_Task prompt_. Please write out the full listing beneath this line exactly, skipping its images.

_Collected material_.
------------------------

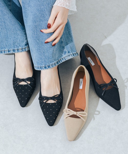 【EVOL 2026SS collection】 大ヒットしたニットパンプスがさらに履き心地良くアップデートして登場!つま先から踵まで肉厚でふかふか弾力のある中敷きを採用し、長時間の着用でも足裏をしっかりサポートしてくれるよう仕上げました。ニット素材は履き始めから楽ちんで、幅広・外反母趾でお悩みの方でもチャレンジしやすくておすすめ◎リボン部分が甲に心地良くフィットしてくれてホールド感抜群です。踵内側にクッション付きで、歩行時に踵がパカパカ浮いたり脱げたりするのを軽減してくれるのも嬉しいポイント。華奢なリボンデザインは可愛らしくなり過ぎず、ON・OFF問わずに履ける優秀アイテムです! -----STAFF COMMENT----- 【スタッフS】 足長:右23.8cm・左23.8cm 幅:標準・E 甲:標準 着用サイズ:23.5cm コメント:足長23.8cmの私でも普段着用する23.5cmで少しゆとりのある履き心地でした。素足だと大丈夫ですが、ストッキングでの着用だと若干かかとが浮きそうな感覚があります。24.0cmはかかとが抜けてしまいました。ニット素材は履き馴染みも出やすいので、サイズは隙間なくぴったりめの方がフィットして歩きやすいです。足幅が狭い方やストッキングで着用される方はワンサイズ下げても履けると思います。 【スタッフI】 足長:右23.5cm・左23.8cm 幅:細め・B 甲:低め 着用サイズ:23.5cm コメント:ヒールが少しあるので前滑りしやすいので、1mmの中敷きを入れて23.5cmでぴったりでした。踵にパッドがあるので踵が抜ける心配なく履けます。 【スタッフT】 足長:右23.5cm・左23.5cm 幅:やや細め・C 甲:標準 着用サイズ:23.5cm コメント:私は普段23.5cmもしくはMサイズを着用することが多く、ゆったりめの履き心地が好きですが23.5cmがちょうど良かったです。ヒールが3.5cmとちょうどいいのでお仕事にもおでかけ用でもおすすめです。 【チャットで気軽に相談】 InstagramのDMにて、気になる着用感や素材など、お気軽にご相談ください。動画・写真で詳しくお伝えすることも可能です! ※履き心地には個人差がございますので、あくまでも目安としてご覧ください。 ※商品画像はサンプルを使用しているため、色味やサイズ等の仕様に変更がある場合がございますので、予めご了承ください。 【EVOL/イーボル】instagram(evol_official0) レディース パンプス ニット 柔らかい ソフト 伸縮性 通気性 リボン ポインテッドトゥ 華奢見え ローヒール 3.5cm 踵パッド付き クッション付き 安定感 ホールド感 フィット感 歩きやすい ふかふか クッション性 疲れにくい 痛くなりにくい 綺麗め レディ フェミニン ガーリー カジュアル 大人カジュアル 大人可愛い デイリーユース お出かけ デート 女子会 通勤 通学 仕事 オフィスカジュアル 結婚式 二次会 入学式 卒業式 入園式 卒園式 ソックス合わせ 靴下合わせ 小さいサイズ 大きいサイズ 22cm 25cm
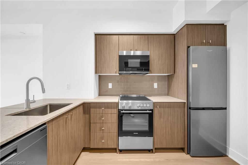 Never Lived-Brand New Residence Just Days Old, welcome to Unit 1914 at Station Park Duo-offering a rare opportunity to own a pristine, never-lived-in home in the heart of Midtown Kitchener. This impeccably crafted one-bedroom plus den suite delivers a seamless blend of sophistication, comfort, and investment potential within one of the region's most coveted communities.Bathed in natural light, the open-concept living space showcases refined finishes and seamless design. The contemporary kitchen is a statement in both style and function, featuring sleek stainless steel appliances, polished granite countertops, custom soft-close cabinetry, and elegant pot lighting-perfect for both everyday living and effortless entertaining.Unwind in the sun-filled living area or step onto your private balcony to take in breathtaking sunset views that elevate your everyday experience. A versatile denprovides the ideal space for a home office or guest retreat, while in-suite laundry and dedicated underground parking add an extra layer of convenience. Residents of Station Park enjoy an unparalleled suite of resort-inspired amenities designed to rival luxury hotels. From concierge service and an expansive sky deck to aswim spa, hot tubs, private bowling lanes, and a state-of-the-art fitness centre with Peloton studio-every detail is curated for an exceptional lifestyle. Social lounges, co-working spaces, BBQ terraces, EV charging, and pet-friendly features complete this dynamic offering. Positioned steps from the ION LRT, the Google campus, Downtown Kitchener, Uptown Waterloo, and the thriving Innovation District, this residence offers un-matched connectivity to the region's top employers, dining, and cultural destinations. With short-term rental permissions (Air bnb) and a limited licensing cap, this property also presents a compelling opportunity for the savvy investor seeking both lifestyleand income potential. Some Photo's are virtually staged.
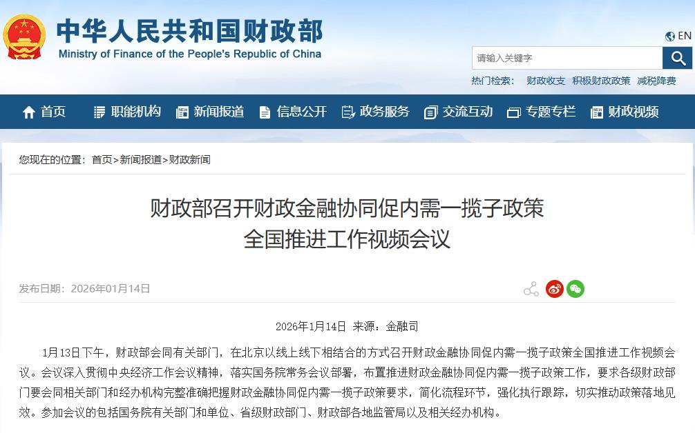 1月13日下午,财政部会同有关部门,在北京以线上线下相结合的方式召开财政金融协同促内需一揽子政策全国推进工作视频会议。会议深入贯彻中央经济工作会议精神,落实国务院常务会议部署,布置推进财政金融协同促内需一揽子政策工作,要求各级财政部门要会同相关部门和经办机构完整准确把握财政金融协同促内需一揽子政策要求,简化流程环节,强化执行跟踪,切实推动政策落地见效。参加会议的包括国务院有关部门和单位、省级财政部门、财政部各地监管局以及相关经办机构。
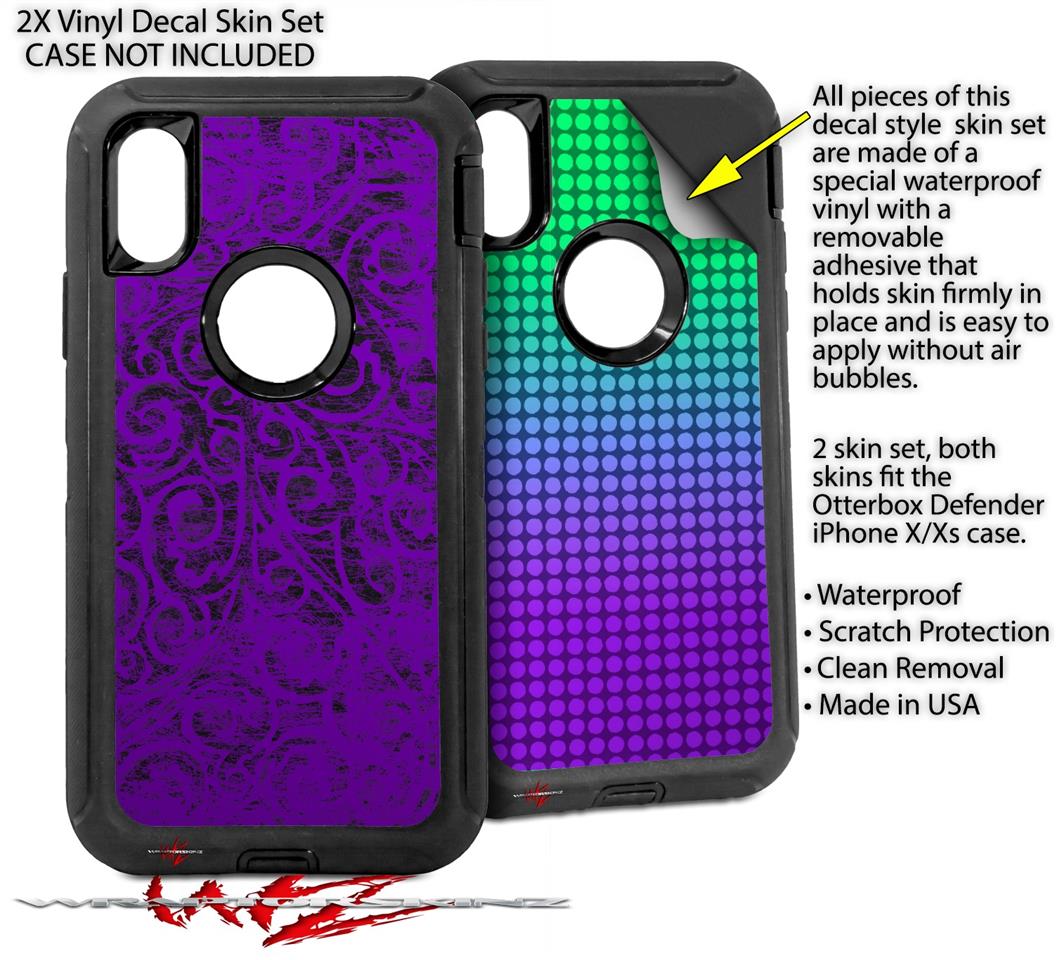 2x Decal style Skin Wrap Set compatible with Otterbox Defender iPhone X and Xs Case - Folder Doodles Purple (CASE NOT INCLUDED)

------------------------

_Exercise response_.
 【EVOL 2026SS collection】 大ヒットしたニットパンプスがさらに履き心地良くアップデートして登場!つま先から踵まで肉厚でふかふか弾力のある中敷きを採用し、長時間の着用でも足裏をしっかりサポートしてくれるよう仕上げました。ニット素材は履き始めから楽ちんで、幅広・外反母趾でお悩みの方でもチャレンジしやすくておすすめ◎リボン部分が甲に心地良くフィットしてくれてホールド感抜群です。踵内側にクッション付きで、歩行時に踵がパカパカ浮いたり脱げたりするのを軽減してくれるのも嬉しいポイント。華奢なリボンデザインは可愛らしくなり過ぎず、ON・OFF問わずに履ける優秀アイテムです! -----STAFF COMMENT----- 【スタッフS】 足長:右23.8cm・左23.8cm 幅:標準・E 甲:標準 着用サイズ:23.5cm コメント:足長23.8cmの私でも普段着用する23.5cmで少しゆとりのある履き心地でした。素足だと大丈夫ですが、ストッキングでの着用だと若干かかとが浮きそうな感覚があります。24.0cmはかかとが抜けてしまいました。ニット素材は履き馴染みも出やすいので、サイズは隙間なくぴったりめの方がフィットして歩きやすいです。足幅が狭い方やストッキングで着用される方はワンサイズ下げても履けると思います。 【スタッフI】 足長:右23.5cm・左23.8cm 幅:細め・B 甲:低め 着用サイズ:23.5cm コメント:ヒールが少しあるので前滑りしやすいので、1mmの中敷きを入れて23.5cmでぴったりでした。踵にパッドがあるので踵が抜ける心配なく履けます。 【スタッフT】 足長:右23.5cm・左23.5cm 幅:やや細め・C 甲:標準 着用サイズ:23.5cm コメント:私は普段23.5cmもしくはMサイズを着用することが多く、ゆったりめの履き心地が好きですが23.5cmがちょうど良かったです。ヒールが3.5cmとちょうどいいのでお仕事にもおでかけ用でもおすすめです。 【チャットで気軽に相談】 InstagramのDMにて、気になる着用感や素材など、お気軽にご相談ください。動画・写真で詳しくお伝えすることも可能です! ※履き心地には個人差がございますので、あくまでも目安としてご覧ください。 ※商品画像はサンプルを使用しているため、色味やサイズ等の仕様に変更がある場合がございますので、予めご了承ください。 【EVOL/イーボル】instagram(evol_official0) レディース パンプス ニット 柔らかい ソフト 伸縮性 通気性 リボン ポインテッドトゥ 華奢見え ローヒール 3.5cm 踵パッド付き クッション付き 安定感 ホールド感 フィット感 歩きやすい ふかふか クッション性 疲れにくい 痛くなりにくい 綺麗め レディ フェミニン ガーリー カジュアル 大人カジュアル 大人可愛い デイリーユース お出かけ デート 女子会 通勤 通学 仕事 オフィスカジュアル 結婚式 二次会 入学式 卒業式 入園式 卒園式 ソックス合わせ 靴下合わせ 小さいサイズ 大きいサイズ 22cm 25cm
 Never Lived-Brand New Residence Just Days Old, welcome to Unit 1914 at Station Park Duo-offering a rare opportunity to own a pristine, never-lived-in home in the heart of Midtown Kitchener. This impeccably crafted one-bedroom plus den suite delivers a seamless blend of sophistication, comfort, and investment potential within one of the region's most coveted communities.Bathed in natural light, the open-concept living space showcases refined finishes and seamless design. The contemporary kitchen is a statement in both style and function, featuring sleek stainless steel appliances, polished granite countertops, custom soft-close cabinetry, and elegant pot lighting-perfect for both everyday living and effortless entertaining.Unwind in the sun-filled living area or step onto your private balcony to take in breathtaking sunset views that elevate your everyday experience. A versatile denprovides the ideal space for a home office or guest retreat, while in-suite laundry and dedicated underground parking add an extra layer of convenience. Residents of Station Park enjoy an unparalleled suite of resort-inspired amenities designed to rival luxury hotels. From concierge service and an expansive sky deck to aswim spa, hot tubs, private bowling lanes, and a state-of-the-art fitness centre with Peloton studio-every detail is curated for an exceptional lifestyle. Social lounges, co-working spaces, BBQ terraces, EV charging, and pet-friendly features complete this dynamic offering. Positioned steps from the ION LRT, the Google campus, Downtown Kitchener, Uptown Waterloo, and the thriving Innovation District, this residence offers un-matched connectivity to the region's top employers, dining, and cultural destinations. With short-term rental permissions (Air bnb) and a limited licensing cap, this property also presents a compelling opportunity for the savvy investor seeking both lifestyleand income potential. Some Photo's are virtually staged.
 1月13日下午,财政部会同有关部门,在北京以线上线下相结合的方式召开财政金融协同促内需一揽子政策全国推进工作视频会议。会议深入贯彻中央经济工作会议精神,落实国务院常务会议部署,布置推进财政金融协同促内需一揽子政策工作,要求各级财政部门要会同相关部门和经办机构完整准确把握财政金融协同促内需一揽子政策要求,简化流程环节,强化执行跟踪,切实推动政策落地见效。参加会议的包括国务院有关部门和单位、省级财政部门、财政部各地监管局以及相关经办机构。
 2x Decal style Skin Wrap Set compatible with Otterbox Defender iPhone X and Xs Case - Folder Doodles Purple (CASE NOT INCLUDED)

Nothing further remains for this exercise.